> _About this task_
Retype only the lines running from the beginning of the entries below to the line with "alanı gezdi. (İLKHA)", both included. Do not include pictures.

-------- Record set

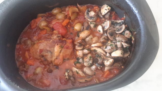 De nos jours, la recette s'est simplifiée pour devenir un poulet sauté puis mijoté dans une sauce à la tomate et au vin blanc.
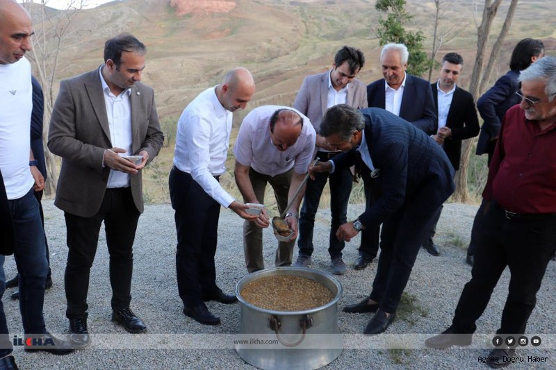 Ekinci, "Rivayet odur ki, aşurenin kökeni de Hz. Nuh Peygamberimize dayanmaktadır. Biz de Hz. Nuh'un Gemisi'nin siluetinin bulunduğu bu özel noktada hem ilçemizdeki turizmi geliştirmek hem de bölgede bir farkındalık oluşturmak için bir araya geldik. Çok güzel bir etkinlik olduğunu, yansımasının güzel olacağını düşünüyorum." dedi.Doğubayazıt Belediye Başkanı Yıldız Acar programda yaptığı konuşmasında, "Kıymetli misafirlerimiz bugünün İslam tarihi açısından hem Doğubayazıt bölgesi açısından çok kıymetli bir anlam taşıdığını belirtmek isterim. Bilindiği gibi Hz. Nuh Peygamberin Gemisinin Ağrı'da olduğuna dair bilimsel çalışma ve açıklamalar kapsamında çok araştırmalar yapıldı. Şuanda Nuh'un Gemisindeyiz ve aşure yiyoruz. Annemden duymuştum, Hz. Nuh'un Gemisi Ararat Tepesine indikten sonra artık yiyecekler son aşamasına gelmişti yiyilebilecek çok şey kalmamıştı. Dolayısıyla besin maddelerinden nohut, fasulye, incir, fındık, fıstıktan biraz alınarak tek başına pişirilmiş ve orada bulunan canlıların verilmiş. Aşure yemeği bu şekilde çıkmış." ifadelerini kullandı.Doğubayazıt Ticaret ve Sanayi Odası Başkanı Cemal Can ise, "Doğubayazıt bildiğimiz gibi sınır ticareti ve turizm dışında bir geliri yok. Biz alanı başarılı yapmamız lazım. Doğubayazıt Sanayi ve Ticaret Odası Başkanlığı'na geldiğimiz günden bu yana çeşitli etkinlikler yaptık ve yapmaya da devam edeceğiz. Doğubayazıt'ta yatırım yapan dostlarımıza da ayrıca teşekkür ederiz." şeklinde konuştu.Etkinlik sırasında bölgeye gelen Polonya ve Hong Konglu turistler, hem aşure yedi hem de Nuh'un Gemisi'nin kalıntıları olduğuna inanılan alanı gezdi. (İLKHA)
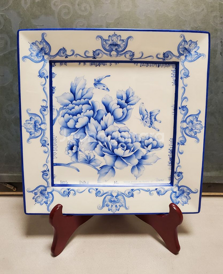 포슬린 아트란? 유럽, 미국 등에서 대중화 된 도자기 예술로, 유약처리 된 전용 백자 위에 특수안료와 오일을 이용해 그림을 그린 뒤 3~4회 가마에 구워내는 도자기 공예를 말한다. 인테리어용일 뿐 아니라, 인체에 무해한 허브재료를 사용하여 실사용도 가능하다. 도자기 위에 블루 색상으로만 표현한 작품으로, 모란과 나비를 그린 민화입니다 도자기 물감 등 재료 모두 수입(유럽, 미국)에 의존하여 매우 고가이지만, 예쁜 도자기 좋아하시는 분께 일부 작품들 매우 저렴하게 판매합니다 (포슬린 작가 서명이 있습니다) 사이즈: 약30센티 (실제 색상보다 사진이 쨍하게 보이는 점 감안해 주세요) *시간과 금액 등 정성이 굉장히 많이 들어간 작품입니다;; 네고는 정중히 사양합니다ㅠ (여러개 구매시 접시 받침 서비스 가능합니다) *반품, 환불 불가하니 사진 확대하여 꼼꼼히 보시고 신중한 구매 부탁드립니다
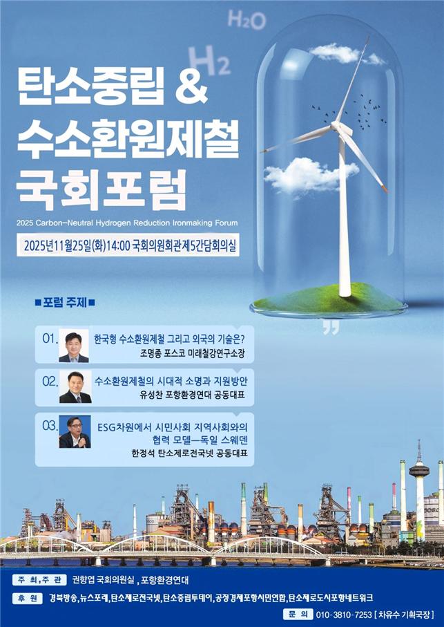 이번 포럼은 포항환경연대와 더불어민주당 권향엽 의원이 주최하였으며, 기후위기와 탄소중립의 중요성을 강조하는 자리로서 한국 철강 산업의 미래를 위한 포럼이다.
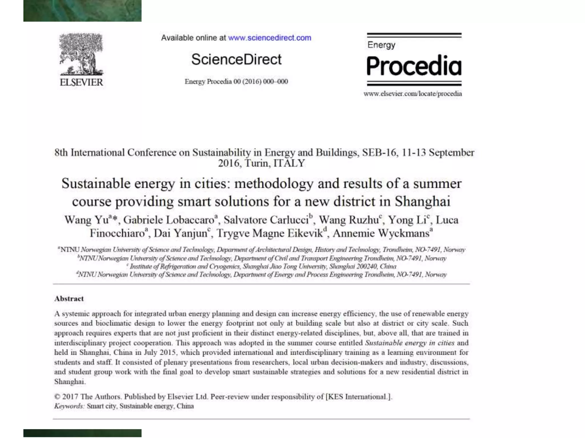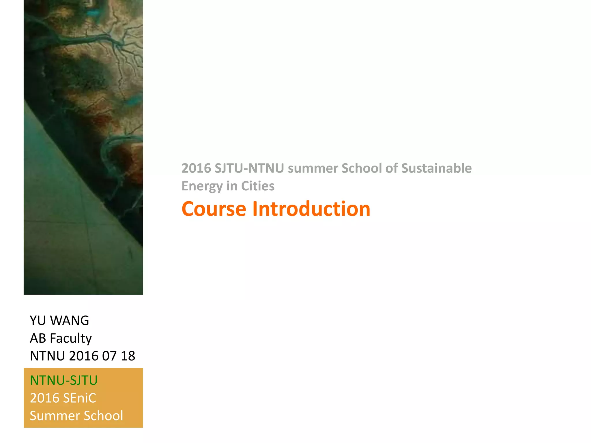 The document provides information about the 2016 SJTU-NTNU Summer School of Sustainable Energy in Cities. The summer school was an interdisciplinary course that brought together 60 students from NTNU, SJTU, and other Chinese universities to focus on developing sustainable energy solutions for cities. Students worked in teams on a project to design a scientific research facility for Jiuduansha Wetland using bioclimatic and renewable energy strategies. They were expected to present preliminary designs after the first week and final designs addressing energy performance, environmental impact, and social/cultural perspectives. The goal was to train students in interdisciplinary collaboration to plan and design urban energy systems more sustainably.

----------------

> _Expected answer_
 De nos jours, la recette s'est simplifiée pour devenir un poulet sauté puis mijoté dans une sauce à la tomate et au vin blanc.
 Ekinci, "Rivayet odur ki, aşurenin kökeni de Hz. Nuh Peygamberimize dayanmaktadır. Biz de Hz. Nuh'un Gemisi'nin siluetinin bulunduğu bu özel noktada hem ilçemizdeki turizmi geliştirmek hem de bölgede bir farkındalık oluşturmak için bir araya geldik. Çok güzel bir etkinlik olduğunu, yansımasının güzel olacağını düşünüyorum." dedi.Doğubayazıt Belediye Başkanı Yıldız Acar programda yaptığı konuşmasında, "Kıymetli misafirlerimiz bugünün İslam tarihi açısından hem Doğubayazıt bölgesi açısından çok kıymetli bir anlam taşıdığını belirtmek isterim. Bilindiği gibi Hz. Nuh Peygamberin Gemisinin Ağrı'da olduğuna dair bilimsel çalışma ve açıklamalar kapsamında çok araştırmalar yapıldı. Şuanda Nuh'un Gemisindeyiz ve aşure yiyoruz. Annemden duymuştum, Hz. Nuh'un Gemisi Ararat Tepesine indikten sonra artık yiyecekler son aşamasına gelmişti yiyilebilecek çok şey kalmamıştı. Dolayısıyla besin maddelerinden nohut, fasulye, incir, fındık, fıstıktan biraz alınarak tek başına pişirilmiş ve orada bulunan canlıların verilmiş. Aşure yemeği bu şekilde çıkmış." ifadelerini kullandı.Doğubayazıt Ticaret ve Sanayi Odası Başkanı Cemal Can ise, "Doğubayazıt bildiğimiz gibi sınır ticareti ve turizm dışında bir geliri yok. Biz alanı başarılı yapmamız lazım. Doğubayazıt Sanayi ve Ticaret Odası Başkanlığı'na geldiğimiz günden bu yana çeşitli etkinlikler yaptık ve yapmaya da devam edeceğiz. Doğubayazıt'ta yatırım yapan dostlarımıza da ayrıca teşekkür ederiz." şeklinde konuştu.Etkinlik sırasında bölgeye gelen Polonya ve Hong Konglu turistler, hem aşure yedi hem de Nuh'un Gemisi'nin kalıntıları olduğuna inanılan alanı gezdi. (İLKHA)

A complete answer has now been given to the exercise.